**What this task involves:**
Reproduce the section of the listing that begins at the line containing "Trash your sins, repent" and finishes at the line containing "New Mines Minister". Include both end lines and nothing beyond them.

**Excerpted data:**
■ ■ ■ ■ ■ ■ ■
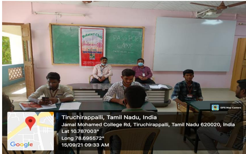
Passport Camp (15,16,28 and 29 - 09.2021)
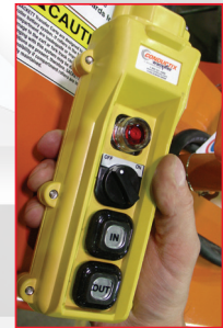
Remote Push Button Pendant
■ ■ ■ ■ ■ ■ ■
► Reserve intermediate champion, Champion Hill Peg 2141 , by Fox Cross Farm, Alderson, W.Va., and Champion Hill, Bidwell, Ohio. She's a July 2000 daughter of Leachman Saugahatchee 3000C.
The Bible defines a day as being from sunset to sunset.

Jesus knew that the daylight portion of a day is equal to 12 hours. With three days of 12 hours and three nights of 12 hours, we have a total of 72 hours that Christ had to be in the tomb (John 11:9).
■ ■ ■ ■ ■ ■ ■
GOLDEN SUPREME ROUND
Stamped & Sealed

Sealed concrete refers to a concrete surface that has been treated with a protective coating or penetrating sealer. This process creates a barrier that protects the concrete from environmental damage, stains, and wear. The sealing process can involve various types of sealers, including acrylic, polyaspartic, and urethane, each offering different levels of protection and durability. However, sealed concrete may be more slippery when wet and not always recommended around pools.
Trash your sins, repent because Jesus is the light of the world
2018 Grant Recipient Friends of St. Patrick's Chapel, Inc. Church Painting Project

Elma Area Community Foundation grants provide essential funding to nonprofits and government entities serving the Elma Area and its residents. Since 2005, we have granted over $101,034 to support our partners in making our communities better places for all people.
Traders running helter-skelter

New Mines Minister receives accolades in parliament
■ ■ ■ ■ ■ ■ ■
**Reply to the exercise:**
Trash your sins, repent because Jesus is the light of the world
2018 Grant Recipient Friends of St. Patrick's Chapel, Inc. Church Painting Project

Elma Area Community Foundation grants provide essential funding to nonprofits and government entities serving the Elma Area and its residents. Since 2005, we have granted over $101,034 to support our partners in making our communities better places for all people.
Traders running helter-skelter

New Mines Minister receives accolades in parliament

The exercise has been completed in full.